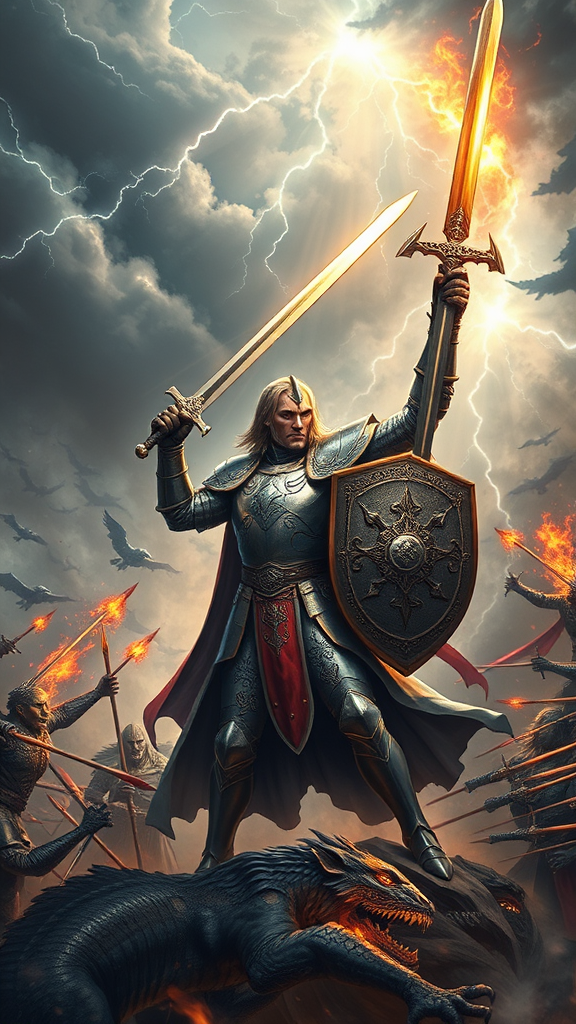 A noble paladin clad in intricately detailed armor stands valiantly amidst a swirling battle, the glint of polished steel catching the light as he raises a radiant longsword that seems infused with divine energy. His shield, emblazoned with ancient runes, deflects a barrage of fiery arrows. Around him, the ground trembles under the clash of mythical beasts and warriors. The scene is alive with dynamic motion, each stroke of his weapon a testament to his unwavering resolve. The backdrop is a tumultuous sky, swirling with storm clouds and flashes of lightning, casting an ethereal glow over the battlefield in a breathtaking display of fantasy art.
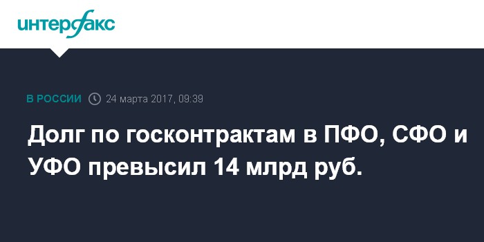 Москва. 24 марта. INTERFAX.RU - Долги по заключенным государственным и муниципальным контрактам в Приволжском, Сибирском и Уральском федеральных округах, по данным на 1 марта, составили 14,3 млрд рублей, сообщил генеральный прокурор РФ Юрий Чайка на совещании по вопросам защиты прав предпринимателей, прошедшем в Екатеринбурге в пятницу.
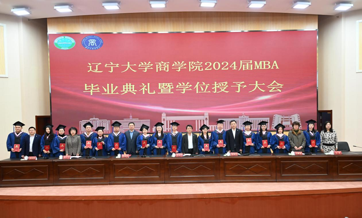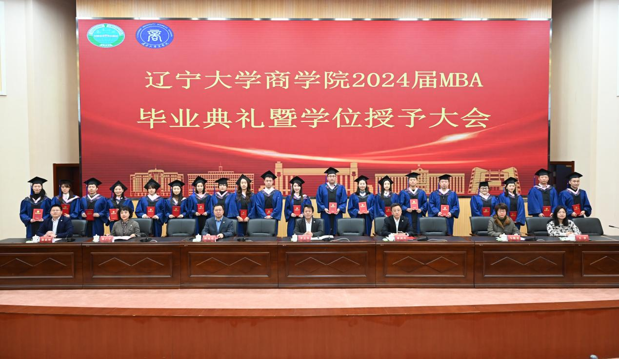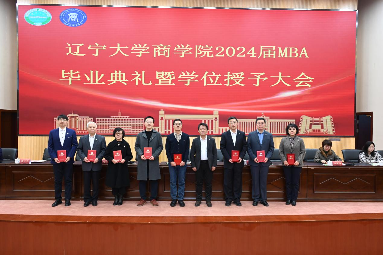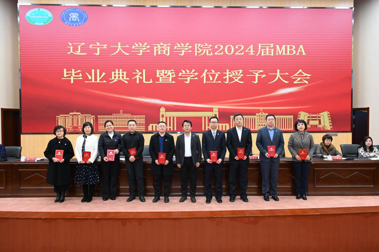 1月5日上午9时,在yl6809永利检测中心荣获“2024年度MBA卓越yl6809永利”称号和永利官网工商管理一级学科再次入选辽宁省“双一流”建设学科之际,yl6809永利检测中心2024届MBA毕业典礼暨学位授予仪式在永利官网蒲河校区蔡冠深学术报告厅举行。yl6809永利党委书记李玉华,yl6809永利院长韩亮亮,研究生院副院长邵剑兵、副书记兼副院长马晓君,创新创业学院副院长王季,yl6809永利副院长张广宁,yl6809永利副院长徐业坤,以及yl6809永利部分教师代表出席毕业典礼。MBA校友代表中免集团沈阳免税品商贸有限责任公司总经理张海涛应邀出席典礼。yl6809永利博士生导师李雪欣、郭燕青、郭舒、董盈厚、袁少锋等作为导师代表参加毕业典礼。
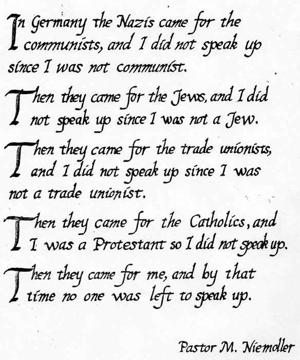 (Many versions of the Niemoller statement exist; his authorship is disputed but the sentiment remains.)
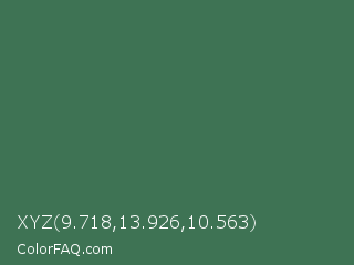 XYZ 9.718,13.926,10.563 Color is a normal green color and the nearest color is Amazon #3b7a57. Hex code #3e7354 and RGB value is rgb(62,115,84). In RGB color space, this color is composed of 24% red, 45% green, 33% blue, In CMYK color space, this color is composed of 46% cyan, 0% magenta, 27% yellow , 55% black , In HSL color space, this color has a hue angle of 145° , 30% saturation and 35% lightness.
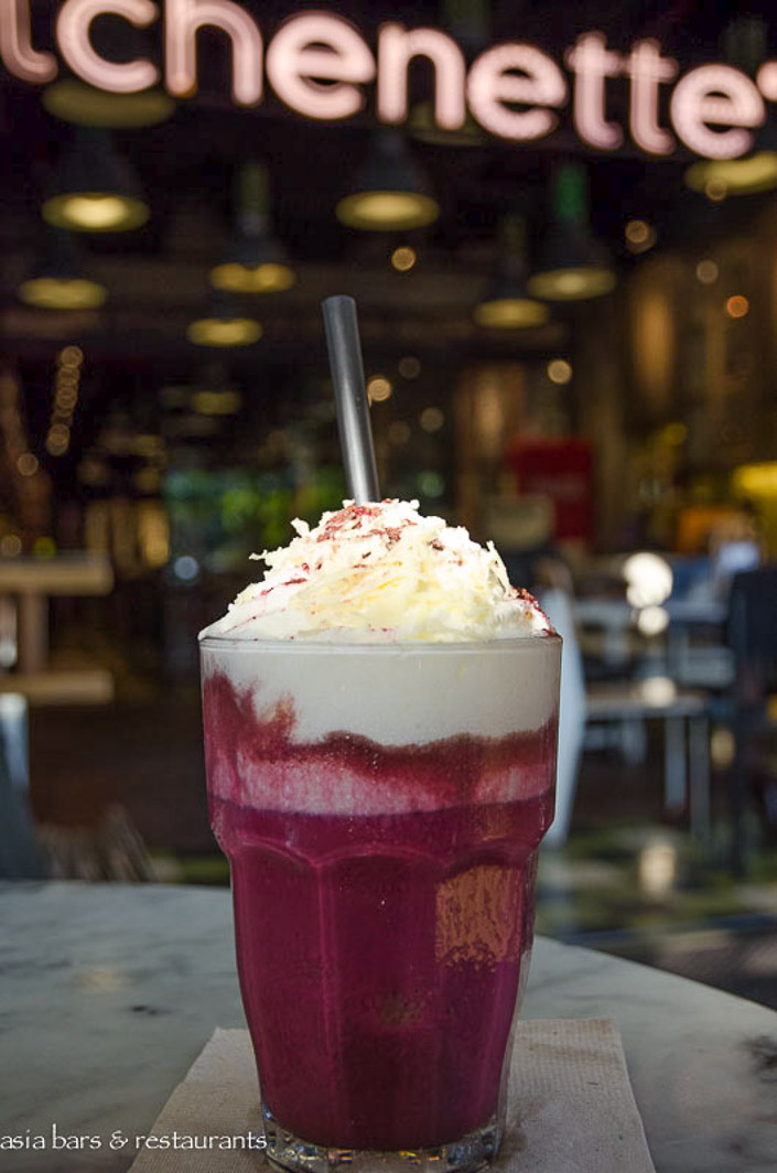 Kitchenette stands out with their wide variety of healthy and refreshing beverages- including juices and smoothies from the Juice Bar– and the luscious Frappes. Under the “Everything Wicked” category are some potent, oversize (500 ml) cocktails such as the Summer Tango– fresh mango & orange fruit with vodka, rum & gin. Other alcohol options include a couple of classic cocktails, well-priced wines and champagne, and bottled local and import beers.
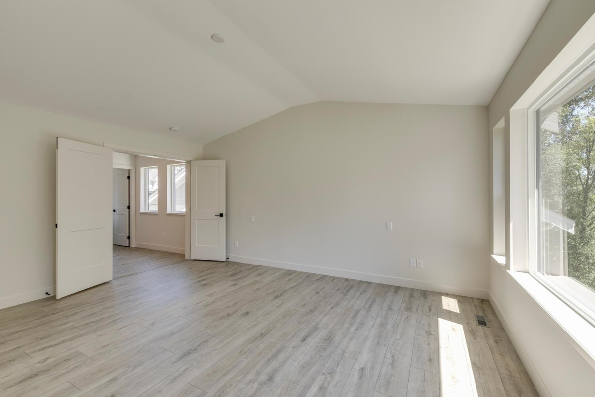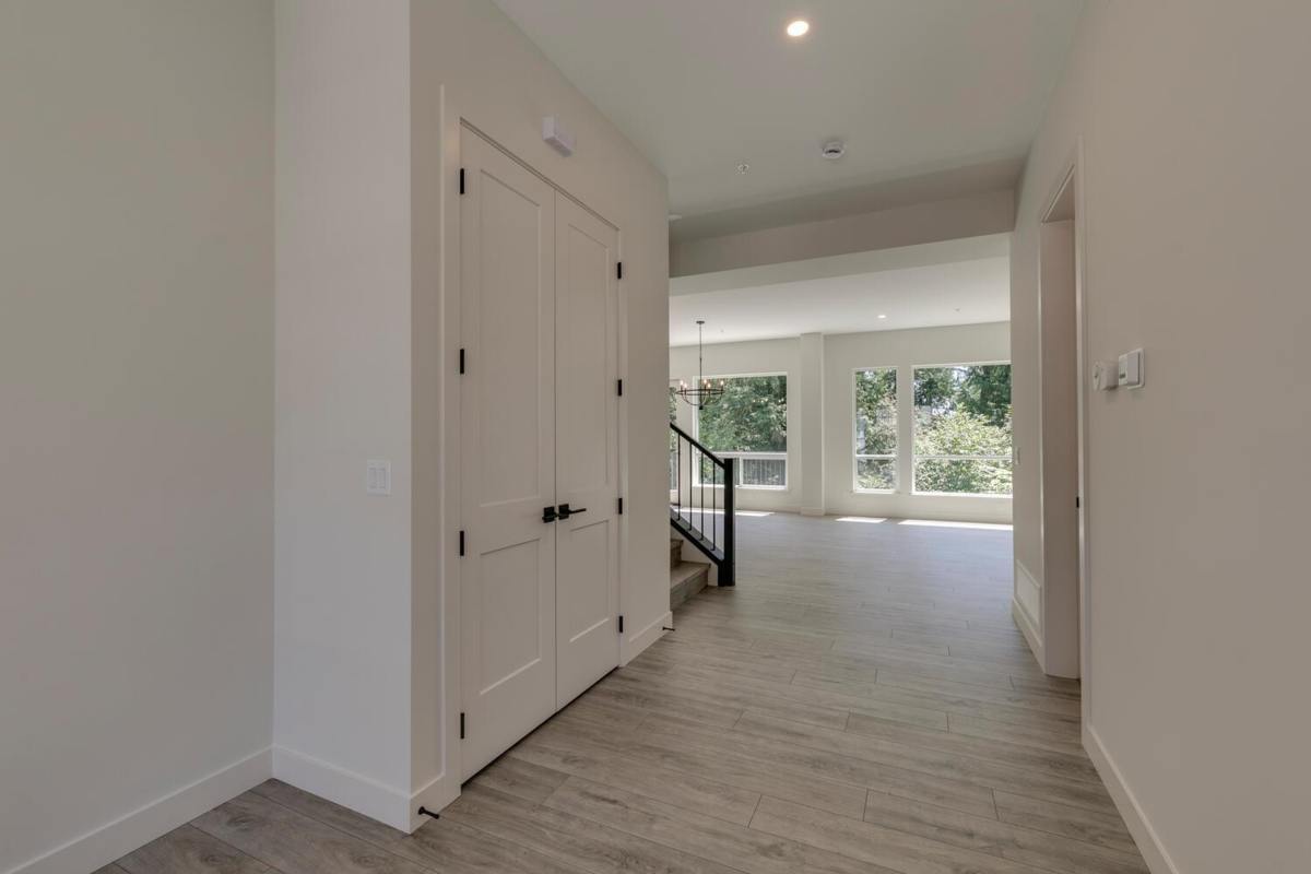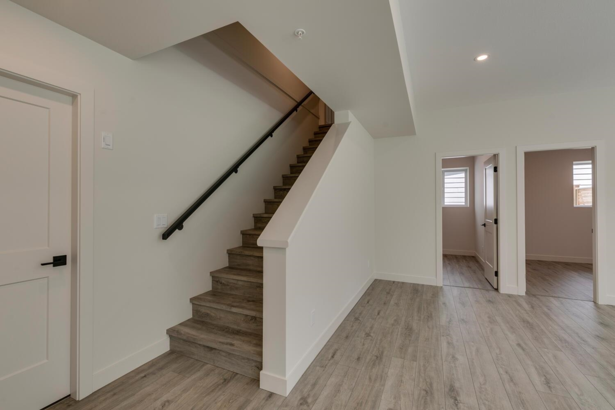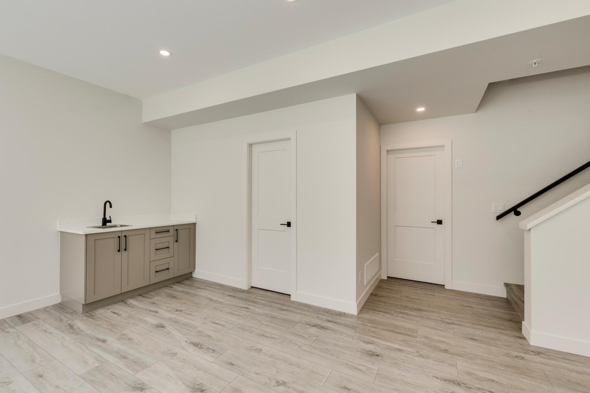 Step into luxury living at Nelson & Grove, where this beautifully crafted 6-bedroom, 4-bathroom home blends comfort, elegance, and function. Nestled at the end of a quiet cul-de-sac on a rare pie-shaped lot, it backs onto a tranquil greenbelt—offering privacy and peaceful views. Inside, vaulted ceilings, wide plank floors, quartz surfaces, and sleek tile define the space. The chef’s kitchen features stainless steel appliances, custom cabinetry, and a large quartz island. Expansive windows flood the home with natural light. Upstairs includes four bedrooms, including a serene primary suite with a spa-style 5-piece ensuite, walk-in shower, heated floors, and generous closet. The bright, walk-out basement offers two more bedrooms, a full bath, and a wet bar—perfect for entertaining!
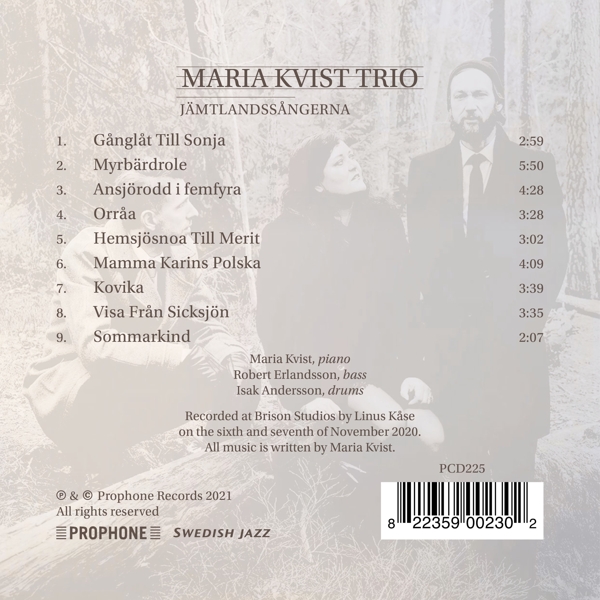 Beschreibung:MARIA Kvist shows with her trio on this record how she, based on her own strong experiences in her landscape Jämtland, wants to design her music-compositions, arrangements and improvisations. Here is a very interesting break, or rather interplay, between her roots and her musical means of expression. Maria is a driven and resourceful pianist with great breadth in the address. As a composer, she connects with the Swedish greats but is careful not to plagiarize - it is not part of the artistic mission. e task is instead to develop, to reshape and convey something of her own - to attract both herself, her fellow musicians and us - the listeners - to strong emotions and exciting discoveries., Runningtime: 00:00:00, Labelcode PROP225.2
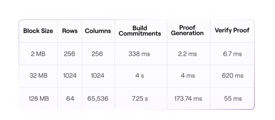 而且,还有足够的计算空间可以将区块大小增加到 32 MB 以上。一个尺寸为 64x65,536 的 128 MB Avail 区块需要 7.25 秒来生成承诺,174 毫秒来构建证明,以及 55 毫秒来验证证明。
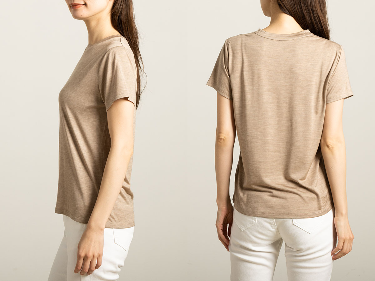 首元は開きを少なくしてスマートで上品な印象に。 シンプル&ベーシックな形で インナーからアウターまで、着回しやすいトップスです。
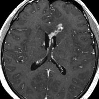 ガドリニウム増強では,前頭葉腫瘍というより,側脳室壁にベトベトくっついているような腫瘍です。germinoma特有のsubependymal infiltration像を示します。

- [INSTRUCTIONS TO FOLLOW]:
Give the material above again exactly as it stands, minus any images.

- [RESULT OF THIS EXERCISE]:
 A noble paladin clad in intricately detailed armor stands valiantly amidst a swirling battle, the glint of polished steel catching the light as he raises a radiant longsword that seems infused with divine energy. His shield, emblazoned with ancient runes, deflects a barrage of fiery arrows. Around him, the ground trembles under the clash of mythical beasts and warriors. The scene is alive with dynamic motion, each stroke of his weapon a testament to his unwavering resolve. The backdrop is a tumultuous sky, swirling with storm clouds and flashes of lightning, casting an ethereal glow over the battlefield in a breathtaking display of fantasy art.
 Москва. 24 марта. INTERFAX.RU - Долги по заключенным государственным и муниципальным контрактам в Приволжском, Сибирском и Уральском федеральных округах, по данным на 1 марта, составили 14,3 млрд рублей, сообщил генеральный прокурор РФ Юрий Чайка на совещании по вопросам защиты прав предпринимателей, прошедшем в Екатеринбурге в пятницу.
 1月5日上午9时,在yl6809永利检测中心荣获“2024年度MBA卓越yl6809永利”称号和永利官网工商管理一级学科再次入选辽宁省“双一流”建设学科之际,yl6809永利检测中心2024届MBA毕业典礼暨学位授予仪式在永利官网蒲河校区蔡冠深学术报告厅举行。yl6809永利党委书记李玉华,yl6809永利院长韩亮亮,研究生院副院长邵剑兵、副书记兼副院长马晓君,创新创业学院副院长王季,yl6809永利副院长张广宁,yl6809永利副院长徐业坤,以及yl6809永利部分教师代表出席毕业典礼。MBA校友代表中免集团沈阳免税品商贸有限责任公司总经理张海涛应邀出席典礼。yl6809永利博士生导师李雪欣、郭燕青、郭舒、董盈厚、袁少锋等作为导师代表参加毕业典礼。
 (Many versions of the Niemoller statement exist; his authorship is disputed but the sentiment remains.)
 XYZ 9.718,13.926,10.563 Color is a normal green color and the nearest color is Amazon #3b7a57. Hex code #3e7354 and RGB value is rgb(62,115,84). In RGB color space, this color is composed of 24% red, 45% green, 33% blue, In CMYK color space, this color is composed of 46% cyan, 0% magenta, 27% yellow , 55% black , In HSL color space, this color has a hue angle of 145° , 30% saturation and 35% lightness.
 Kitchenette stands out with their wide variety of healthy and refreshing beverages- including juices and smoothies from the Juice Bar– and the luscious Frappes. Under the “Everything Wicked” category are some potent, oversize (500 ml) cocktails such as the Summer Tango– fresh mango & orange fruit with vodka, rum & gin. Other alcohol options include a couple of classic cocktails, well-priced wines and champagne, and bottled local and import beers.
 Step into luxury living at Nelson & Grove, where this beautifully crafted 6-bedroom, 4-bathroom home blends comfort, elegance, and function. Nestled at the end of a quiet cul-de-sac on a rare pie-shaped lot, it backs onto a tranquil greenbelt—offering privacy and peaceful views. Inside, vaulted ceilings, wide plank floors, quartz surfaces, and sleek tile define the space. The chef’s kitchen features stainless steel appliances, custom cabinetry, and a large quartz island. Expansive windows flood the home with natural light. Upstairs includes four bedrooms, including a serene primary suite with a spa-style 5-piece ensuite, walk-in shower, heated floors, and generous closet. The bright, walk-out basement offers two more bedrooms, a full bath, and a wet bar—perfect for entertaining!
 Beschreibung:MARIA Kvist shows with her trio on this record how she, based on her own strong experiences in her landscape Jämtland, wants to design her music-compositions, arrangements and improvisations. Here is a very interesting break, or rather interplay, between her roots and her musical means of expression. Maria is a driven and resourceful pianist with great breadth in the address. As a composer, she connects with the Swedish greats but is careful not to plagiarize - it is not part of the artistic mission. e task is instead to develop, to reshape and convey something of her own - to attract both herself, her fellow musicians and us - the listeners - to strong emotions and exciting discoveries., Runningtime: 00:00:00, Labelcode PROP225.2
 而且,还有足够的计算空间可以将区块大小增加到 32 MB 以上。一个尺寸为 64x65,536 的 128 MB Avail 区块需要 7.25 秒来生成承诺,174 毫秒来构建证明,以及 55 毫秒来验证证明。
 首元は開きを少なくしてスマートで上品な印象に。 シンプル&ベーシックな形で インナーからアウターまで、着回しやすいトップスです。
 ガドリニウム増強では,前頭葉腫瘍というより,側脳室壁にベトベトくっついているような腫瘍です。germinoma特有のsubependymal infiltration像を示します。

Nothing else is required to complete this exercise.